■ **YOUR OBJECTIVE**
From the listing below, reproduce word for word the part that opens with the line containing "Cd. Victoria, Tam.- Dos" and closes with the line containing "3. 在 KL大模型API中转平台"; reproduce nothing else.

■ **ENTRIES SUPPLIED**
=== Begin Enclosure ===

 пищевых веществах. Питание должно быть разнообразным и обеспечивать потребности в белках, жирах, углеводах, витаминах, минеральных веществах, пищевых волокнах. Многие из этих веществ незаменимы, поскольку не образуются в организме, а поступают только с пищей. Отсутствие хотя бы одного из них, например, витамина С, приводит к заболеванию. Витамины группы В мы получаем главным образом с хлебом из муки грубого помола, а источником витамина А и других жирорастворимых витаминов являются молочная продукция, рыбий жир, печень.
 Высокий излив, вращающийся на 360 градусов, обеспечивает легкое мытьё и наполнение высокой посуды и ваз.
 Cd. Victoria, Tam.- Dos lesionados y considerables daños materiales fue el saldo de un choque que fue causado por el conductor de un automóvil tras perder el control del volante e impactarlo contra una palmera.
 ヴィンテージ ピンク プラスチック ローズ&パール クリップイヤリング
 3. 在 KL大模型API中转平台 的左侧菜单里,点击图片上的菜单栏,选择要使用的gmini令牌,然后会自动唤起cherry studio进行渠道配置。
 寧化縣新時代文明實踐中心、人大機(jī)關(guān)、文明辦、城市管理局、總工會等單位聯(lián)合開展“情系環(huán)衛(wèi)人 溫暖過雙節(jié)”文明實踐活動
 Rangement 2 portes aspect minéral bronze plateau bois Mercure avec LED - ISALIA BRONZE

=== End Enclosure ===
=== Begin Enclosure ===

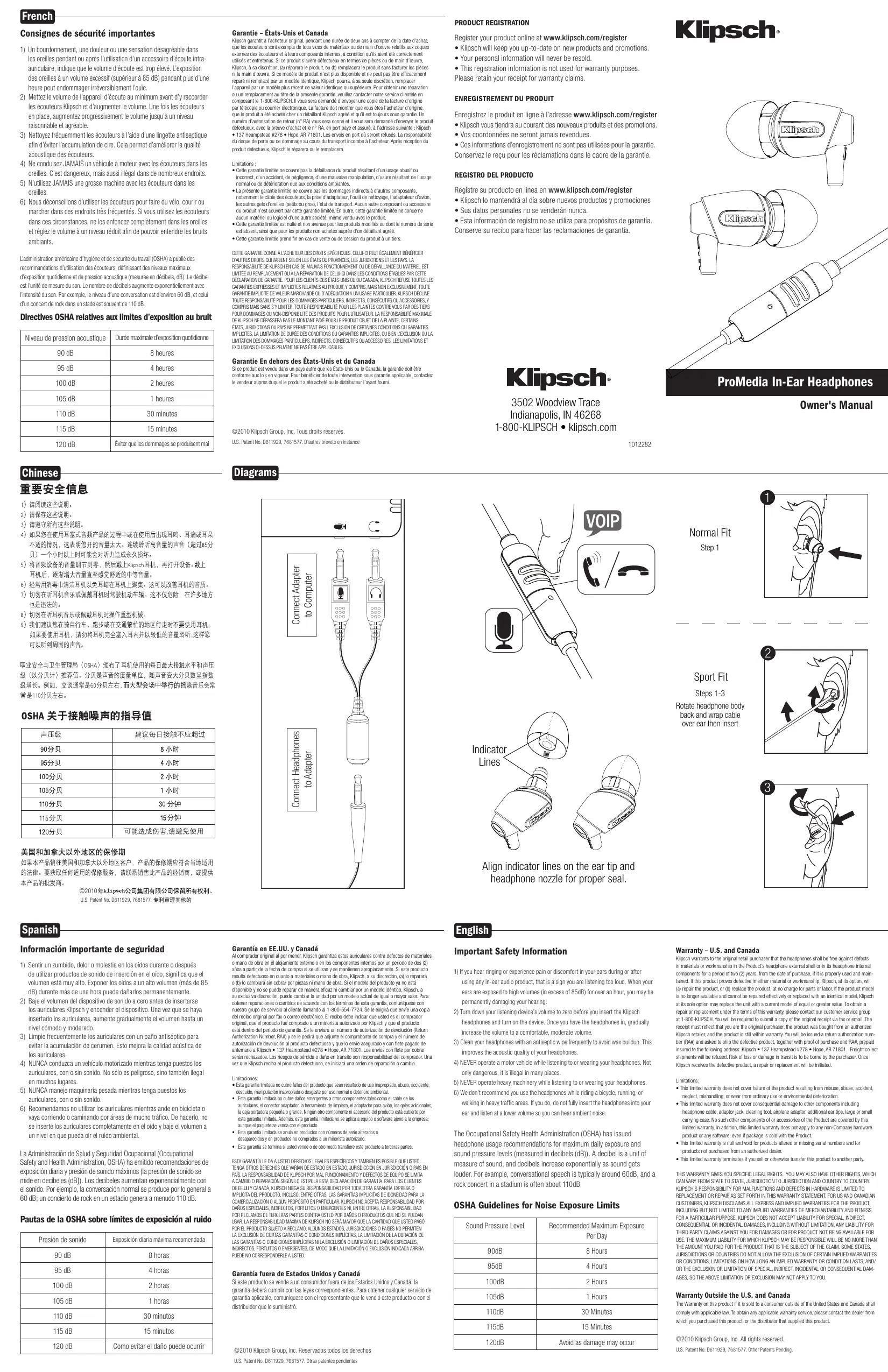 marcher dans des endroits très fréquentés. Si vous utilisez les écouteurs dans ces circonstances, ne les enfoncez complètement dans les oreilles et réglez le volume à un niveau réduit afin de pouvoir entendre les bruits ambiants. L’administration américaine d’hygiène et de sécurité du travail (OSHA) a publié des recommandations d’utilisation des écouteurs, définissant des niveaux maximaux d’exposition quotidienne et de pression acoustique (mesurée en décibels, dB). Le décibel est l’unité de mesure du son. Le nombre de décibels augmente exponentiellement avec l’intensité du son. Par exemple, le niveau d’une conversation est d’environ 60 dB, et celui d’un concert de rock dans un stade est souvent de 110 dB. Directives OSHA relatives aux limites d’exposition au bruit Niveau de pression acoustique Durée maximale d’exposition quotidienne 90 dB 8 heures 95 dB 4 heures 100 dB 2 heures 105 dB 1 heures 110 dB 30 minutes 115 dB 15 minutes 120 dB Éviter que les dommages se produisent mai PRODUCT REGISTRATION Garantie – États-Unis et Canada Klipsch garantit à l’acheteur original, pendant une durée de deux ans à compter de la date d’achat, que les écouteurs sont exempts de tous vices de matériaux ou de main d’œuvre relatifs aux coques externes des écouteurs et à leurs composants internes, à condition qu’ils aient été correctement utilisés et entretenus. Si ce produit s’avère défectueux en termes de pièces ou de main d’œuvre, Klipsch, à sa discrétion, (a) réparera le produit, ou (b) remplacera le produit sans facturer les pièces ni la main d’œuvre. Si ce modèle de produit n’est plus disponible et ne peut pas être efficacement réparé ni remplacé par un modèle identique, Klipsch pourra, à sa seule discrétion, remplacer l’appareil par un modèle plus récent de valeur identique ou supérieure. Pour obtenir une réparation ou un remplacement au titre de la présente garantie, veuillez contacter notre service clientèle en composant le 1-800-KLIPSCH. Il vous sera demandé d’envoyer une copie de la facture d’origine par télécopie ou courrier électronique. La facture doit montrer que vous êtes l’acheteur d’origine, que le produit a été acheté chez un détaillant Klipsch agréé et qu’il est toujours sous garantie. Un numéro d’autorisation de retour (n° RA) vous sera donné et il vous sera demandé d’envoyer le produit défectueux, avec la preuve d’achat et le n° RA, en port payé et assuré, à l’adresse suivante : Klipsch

=== End Enclosure ===

■ **EXPECTED ANSWER**
 Cd. Victoria, Tam.- Dos lesionados y considerables daños materiales fue el saldo de un choque que fue causado por el conductor de un automóvil tras perder el control del volante e impactarlo contra una palmera.
 ヴィンテージ ピンク プラスチック ローズ&パール クリップイヤリング
 3. 在 KL大模型API中转平台 的左侧菜单里,点击图片上的菜单栏,选择要使用的gmini令牌,然后会自动唤起cherry studio进行渠道配置。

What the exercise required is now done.